Archaia's got that reputation right now where they're doing all different kinds of stories in the graphic novel format that you might not see elsewhere.

Totally, and the book itself is going to be just super awesome. It's actually going to come out like an old book pulled from her grandfather's library. It'll be hardcover with marbling on the inside and a reading ribbon. It'll actually have a clasp like a diary so you'll have to open it to be able to open the book. They went full hog for sure with the idea which is great.

With the shift toward digital, it's cool to see them giving fans of the physical format a little something extra for their money and also attract more people at a bookstore.

It's meant to be this beautiful handcrafted little thing. So much art is done digitally, but Megan hand-penciled and hand-inked the book.

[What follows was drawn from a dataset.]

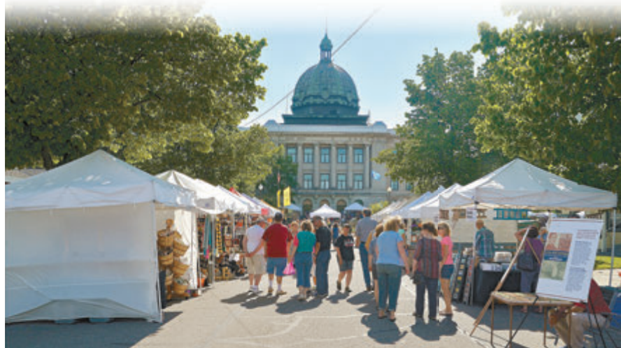
The annual Art Fair on the Courthouse Lawn is a Rhinelander tradition.

14-15 – Spring Classic Musky Tournament: Eagle River Chain of Lakes

By the title, it sounds like this is the beginning of a series. Do you have more Aurora Grimeon stories in mind for future editions?

We do. Aurora's gotten to the island and hasn't even been there through Halloween yet, so there's definitely more that can happen. I fell in love with the character and we'd both love to keep going.

"An Aurora Grimeon Story: Will O' The Wisp" by Tom Hammock and Megan Hutchison debuts Jan. 22 from Archaia.